La traversée des apparences, ou le plongeon dans la Charité!
- bohleremmanuel
- 23 nov. 2020
- 3 min de lecture
Ce texte a été publié le 12 avril 2013 pour le journal hebdomadaire « L’Ami Hebdo », à propos de l’Evangile pour le 3ème dimanche de Pâques du 14 avril 2013 (Jn 21, 1-19).

Si Jean est « le disciple que Jésus aimait », on peut dire qu’il en est de même pour la liturgie. Elle a une préférence pour Jean, car c’est lui que l’on entend systématiquement pour la plus part des jours saints : Jeudi Saint, Vendredi Saint, Dimanche de Pâques, 2ème dimanche de Pâques, et encore ce 3ème dimanche ! Il est comme un « passage obligé » pour entrer de manière originale dans le mystère pascal.
Le cycle des apparitions qu’il nous propose est instructif. En effet, Jésus apparait le jour même de la Résurrection à Marie-Madeleine. Au matin elle est la première à voir, à se convertir, et à reconnaitre le Seigneur Ressuscité tout en ayant reçu la mission de l’annoncer aux autres. Puis Jésus apparait plusieurs fois auprès de ces disciples. Tout d’abord le soir même de Résurrection, lorsqu’ils sont enfermés. Jésus leur envoi son Esprit afin qu’ils puissent perpétuer le mystère de la Miséricorde et de la Réconciliation entre Dieu et les hommes (le pouvoir des « clefs »). Cette Miséricorde a été scellée sur la Croix : c’est une Pentecôte. Puis Jésus revient une semaine plus tard, en présence de Thomas. Il invite les disciples à traverser les apparences pour « entrer » dans la vie de foi : croire au-delà des apparences ! Or c’est la vie sacramentaire qui nous permet de traverser les apparences des signes (eau, huile, pain, vin …) pour y reconnaitre la Présence agissante du Seigneur. Tel est le mystère de la sanctification…

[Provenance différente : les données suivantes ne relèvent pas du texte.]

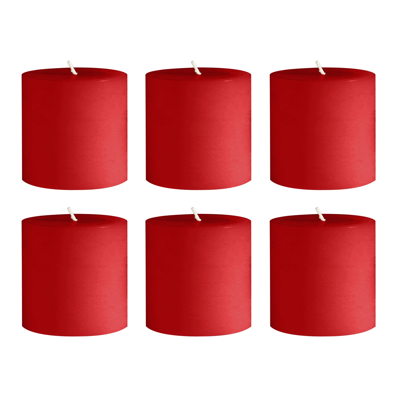 Striking and versatile, this 6-pack of 3"x3" unscented dripless Red pillar candles from TCFLinen adds energy to tabletops and décor vignettes. The paraffin-and-cotton blend offers a clean, smokeless burn that protects your Table Linens while delivering vivid color.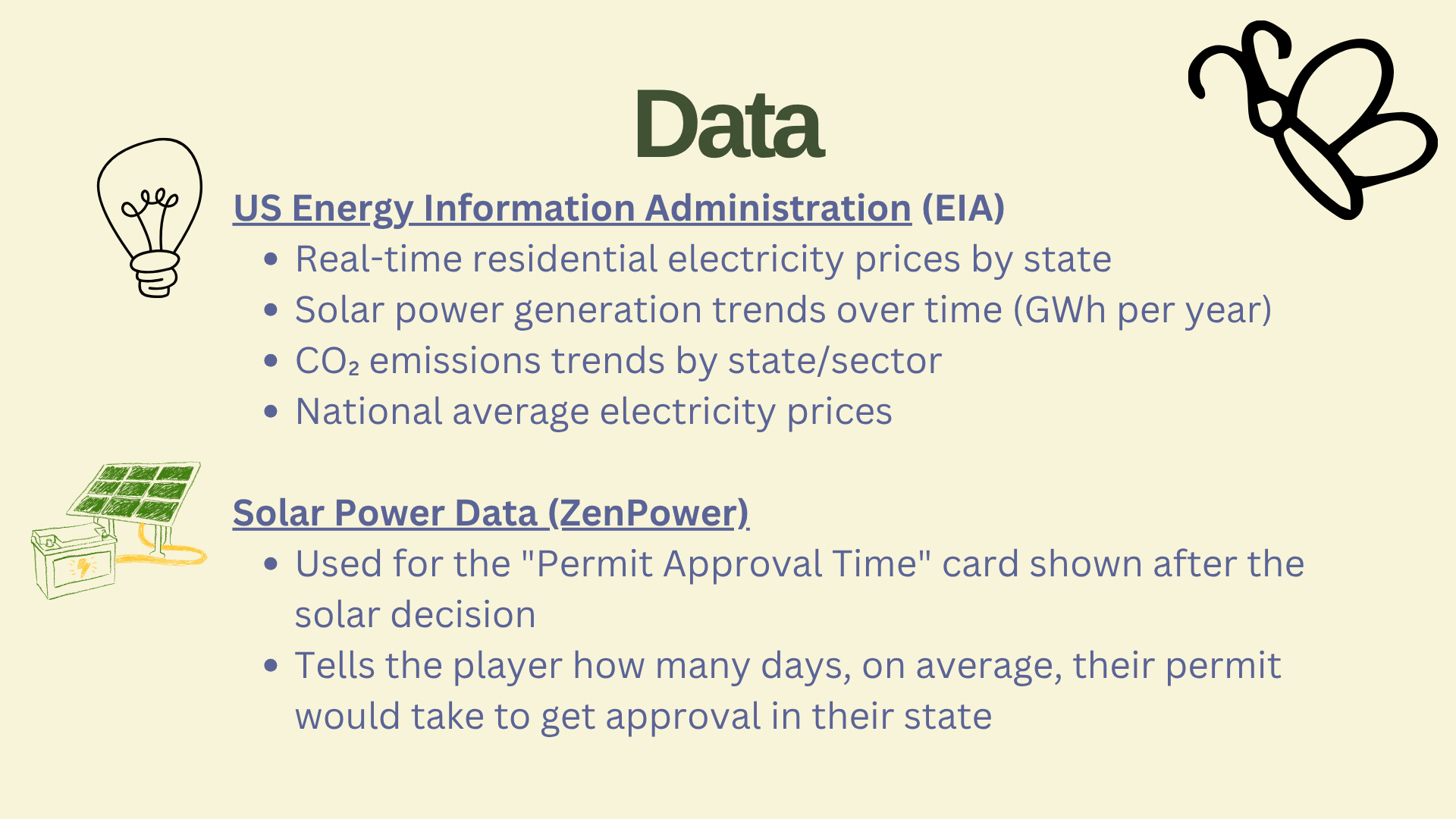 One of the biggest challenges was making data usable in an interactive simulation. Government datasets are not designed for real-time user interaction, so we had to structure and simplify them without losing accuracy, which meant carefully connecting EIA prices, ZenPower permit records, and CO2 factors into coherent calculations. Another challenge was designing a system where decisions feel both realistic and immediate. Modeling long-term impacts like cost savings, emissions reduction, and payback periods required balancing realism with user experience. We also faced difficulty designing the visualization system so that every decision changes the environment without overwhelming the user. Anticipating load inconsistencies with EIA API, we built a full fallback system that continues the game with clearly labelled national average estimates if any call fails. The ZenPower integration required transparent handling of incomplete state coverage so users always see a badge indicating whether they're seeing state-specific or national average data.

Enfin, il y a la dernière apparition qui constitue l’extrait de ce dimanche. Il s’agit de l’épilogue de l’évangile johannique. Page la plus étonnante : une pêche miraculeuse que seul Jean a comprise pour y reconnaitre le Seigneur. Pierre qui apparemment a péché sans vêtement, va se revêtir pour plonger à l’eau… Personnellement n’importe qui aurait fait l’inverse ! Et enfin Jésus qui, au cours de ce curieux repas, demande du poisson issu de la pêche, tout en sachant qu’il va partager celui qu’il avait déjà fait griller sur le feu de braise : curieux échange ! Quelle déroute !
Tout cela est comme un résumé des apparitions précédentes. La pêche miraculeuse est l’image de la vie missionnaire et d’évangélisation de la future Eglise, tout comme Marie-Madeleine, qui la première a reçu la mission d’annoncer. Puis vient le repas où Pierre offre le poisson fruit de son travail, et reçoit en échange un autre poisson, nourriture même de Jésus. Cet « échange » manifeste ce qui se joue en chaque sacrement et en particulier l’Eucharistie : les hommes offrent le fruit de leurs travaux, et reçoivent en échange la nourriture même de Dieu qui se fait serviteur de tous. C’est « une traversée des apparences » rejoignant l’expérience initiatique de Thomas : croire en sa Présence au-delà de la vue des signes.
Après avoir été nourri par le Seigneur, Jésus pose par trois fois à Pierre la question de l’enracinement complet dans l’Amour, afin d’assumer sa vocation pastorale. Toute vocation chrétienne, prend sa source dans l’Amour et dans la Charité même de Dieu. C’est par l’Amour, avec l’Amour, dans l’Amour que nous vivons ce à quoi Dieu nous appelle ! On explose le cadre de la simple philanthropie pour entrer dans l’expérience spirituelle, et le mystère de la Volonté de Dieu pour chacun. A travers cette triple question se joue notre capacité à incarner le mystère de la foi dans l’exercice de la Charité. Vivre concrètement la Charité devient alors un lieu épiphanique! C’est par la vie dans la Charité que nous témoignons et que nous annonçons que Dieu est Amour !
En sommes avec toutes ses apparitions, Jésus laisse à ses disciples le « Testament de sa Présence ». Alors nous avons raison de chanter : « Il est grand le mystère de la foi ! ». Le dépôt du mystère de la foi est ainsi confié à l’Eglise, et elle devra en perpétuer à jamais la mémoire ! Il devra « être annoncé », devra « être célébré » au-delà des apparences, devra « être vécu » dans la Charité.
Si cette page d’Evangile est un épilogue, pour nous ce n’est qu’un commencement.